==== Material for this task ====
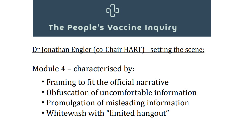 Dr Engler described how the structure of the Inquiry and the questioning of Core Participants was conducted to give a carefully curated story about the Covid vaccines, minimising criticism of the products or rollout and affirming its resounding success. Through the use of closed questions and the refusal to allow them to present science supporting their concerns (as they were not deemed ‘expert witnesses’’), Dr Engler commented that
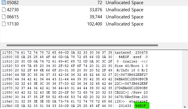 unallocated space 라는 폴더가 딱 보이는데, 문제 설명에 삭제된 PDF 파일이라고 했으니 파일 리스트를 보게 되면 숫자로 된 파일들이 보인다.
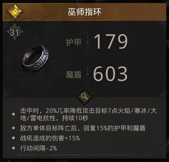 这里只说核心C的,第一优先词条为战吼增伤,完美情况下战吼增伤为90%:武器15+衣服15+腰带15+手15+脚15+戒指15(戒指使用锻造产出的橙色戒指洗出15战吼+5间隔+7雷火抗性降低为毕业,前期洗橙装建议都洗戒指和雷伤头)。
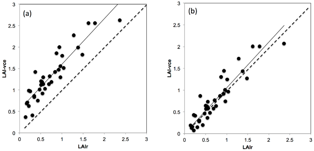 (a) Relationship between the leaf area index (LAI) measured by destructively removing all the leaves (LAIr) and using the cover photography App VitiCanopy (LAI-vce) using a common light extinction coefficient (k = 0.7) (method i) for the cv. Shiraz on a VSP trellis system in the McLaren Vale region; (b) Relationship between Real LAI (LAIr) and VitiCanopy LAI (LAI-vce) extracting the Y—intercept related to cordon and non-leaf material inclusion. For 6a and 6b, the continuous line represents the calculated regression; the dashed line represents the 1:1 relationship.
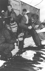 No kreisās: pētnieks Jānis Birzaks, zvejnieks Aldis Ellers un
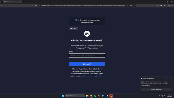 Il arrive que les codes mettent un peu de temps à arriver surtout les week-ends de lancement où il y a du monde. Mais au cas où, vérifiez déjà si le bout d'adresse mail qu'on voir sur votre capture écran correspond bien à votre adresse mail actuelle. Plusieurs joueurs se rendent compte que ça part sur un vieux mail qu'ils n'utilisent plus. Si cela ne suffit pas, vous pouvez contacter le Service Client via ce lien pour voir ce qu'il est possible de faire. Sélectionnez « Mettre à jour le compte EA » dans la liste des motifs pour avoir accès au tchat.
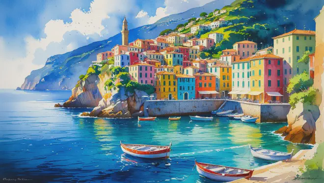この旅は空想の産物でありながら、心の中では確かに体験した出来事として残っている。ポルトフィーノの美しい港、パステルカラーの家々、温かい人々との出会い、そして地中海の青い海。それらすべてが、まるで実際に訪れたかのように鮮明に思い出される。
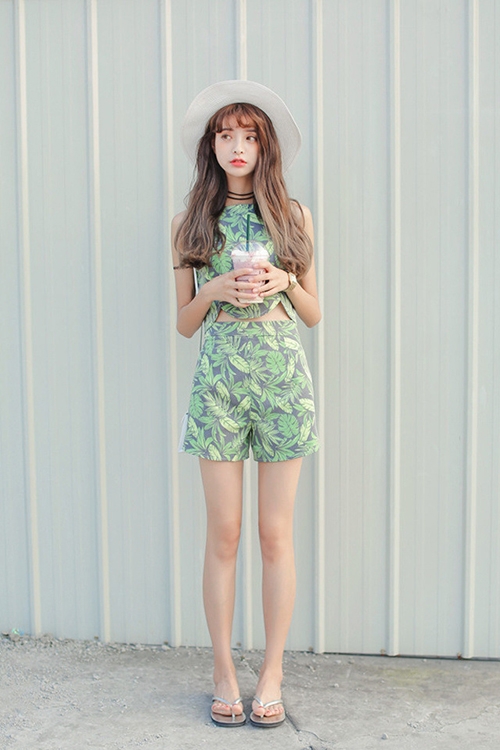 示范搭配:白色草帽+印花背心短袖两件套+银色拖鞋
====
==== Material for this task ====
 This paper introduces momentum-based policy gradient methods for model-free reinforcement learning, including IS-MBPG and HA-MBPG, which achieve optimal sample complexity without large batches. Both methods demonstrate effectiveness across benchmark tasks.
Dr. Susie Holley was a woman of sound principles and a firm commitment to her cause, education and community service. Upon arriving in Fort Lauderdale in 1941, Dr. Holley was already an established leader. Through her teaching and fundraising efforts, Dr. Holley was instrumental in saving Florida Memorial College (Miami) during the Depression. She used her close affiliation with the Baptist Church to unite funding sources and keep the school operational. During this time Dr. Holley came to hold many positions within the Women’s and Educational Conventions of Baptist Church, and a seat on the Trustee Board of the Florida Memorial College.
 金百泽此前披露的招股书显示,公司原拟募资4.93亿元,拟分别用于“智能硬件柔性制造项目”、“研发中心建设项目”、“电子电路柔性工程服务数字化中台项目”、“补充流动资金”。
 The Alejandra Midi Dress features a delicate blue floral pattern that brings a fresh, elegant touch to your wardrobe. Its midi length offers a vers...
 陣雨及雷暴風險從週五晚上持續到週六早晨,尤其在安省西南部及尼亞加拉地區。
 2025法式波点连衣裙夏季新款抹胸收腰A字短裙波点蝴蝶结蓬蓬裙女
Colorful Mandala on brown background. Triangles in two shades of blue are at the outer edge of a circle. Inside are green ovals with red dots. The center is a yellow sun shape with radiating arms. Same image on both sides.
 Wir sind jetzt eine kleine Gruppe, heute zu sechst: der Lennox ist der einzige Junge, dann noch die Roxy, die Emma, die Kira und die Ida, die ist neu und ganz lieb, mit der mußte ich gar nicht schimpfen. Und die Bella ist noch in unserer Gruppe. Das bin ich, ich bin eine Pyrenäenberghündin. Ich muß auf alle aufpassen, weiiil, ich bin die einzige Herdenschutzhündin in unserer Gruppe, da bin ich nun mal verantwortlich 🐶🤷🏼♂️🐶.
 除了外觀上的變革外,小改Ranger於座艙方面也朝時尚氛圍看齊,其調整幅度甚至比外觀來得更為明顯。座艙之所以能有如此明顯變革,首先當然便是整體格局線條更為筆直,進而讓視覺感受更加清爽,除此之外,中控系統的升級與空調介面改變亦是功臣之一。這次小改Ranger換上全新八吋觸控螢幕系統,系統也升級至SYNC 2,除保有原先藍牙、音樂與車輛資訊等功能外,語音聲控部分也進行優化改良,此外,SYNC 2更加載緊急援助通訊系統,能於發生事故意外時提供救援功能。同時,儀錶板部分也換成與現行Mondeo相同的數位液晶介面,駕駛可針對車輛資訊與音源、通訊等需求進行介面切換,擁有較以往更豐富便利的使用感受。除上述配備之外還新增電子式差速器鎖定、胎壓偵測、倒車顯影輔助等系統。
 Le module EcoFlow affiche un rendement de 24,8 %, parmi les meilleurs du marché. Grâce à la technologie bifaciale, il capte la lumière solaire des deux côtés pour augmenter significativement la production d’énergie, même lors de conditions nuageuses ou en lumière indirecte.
====
Task objective:
Once you find the line with "This paper introduces" in the entries above, output it and each line after it up to and including the line with "2025法式波点连衣裙夏季新款抹胸收腰A字短裙波点蝴蝶结蓬蓬裙女", and nothing else.

Output of the exercise:
 This paper introduces momentum-based policy gradient methods for model-free reinforcement learning, including IS-MBPG and HA-MBPG, which achieve optimal sample complexity without large batches. Both methods demonstrate effectiveness across benchmark tasks.
Dr. Susie Holley was a woman of sound principles and a firm commitment to her cause, education and community service. Upon arriving in Fort Lauderdale in 1941, Dr. Holley was already an established leader. Through her teaching and fundraising efforts, Dr. Holley was instrumental in saving Florida Memorial College (Miami) during the Depression. She used her close affiliation with the Baptist Church to unite funding sources and keep the school operational. During this time Dr. Holley came to hold many positions within the Women’s and Educational Conventions of Baptist Church, and a seat on the Trustee Board of the Florida Memorial College.
 金百泽此前披露的招股书显示,公司原拟募资4.93亿元,拟分别用于“智能硬件柔性制造项目”、“研发中心建设项目”、“电子电路柔性工程服务数字化中台项目”、“补充流动资金”。
 The Alejandra Midi Dress features a delicate blue floral pattern that brings a fresh, elegant touch to your wardrobe. Its midi length offers a vers...
 陣雨及雷暴風險從週五晚上持續到週六早晨,尤其在安省西南部及尼亞加拉地區。
 2025法式波点连衣裙夏季新款抹胸收腰A字短裙波点蝴蝶结蓬蓬裙女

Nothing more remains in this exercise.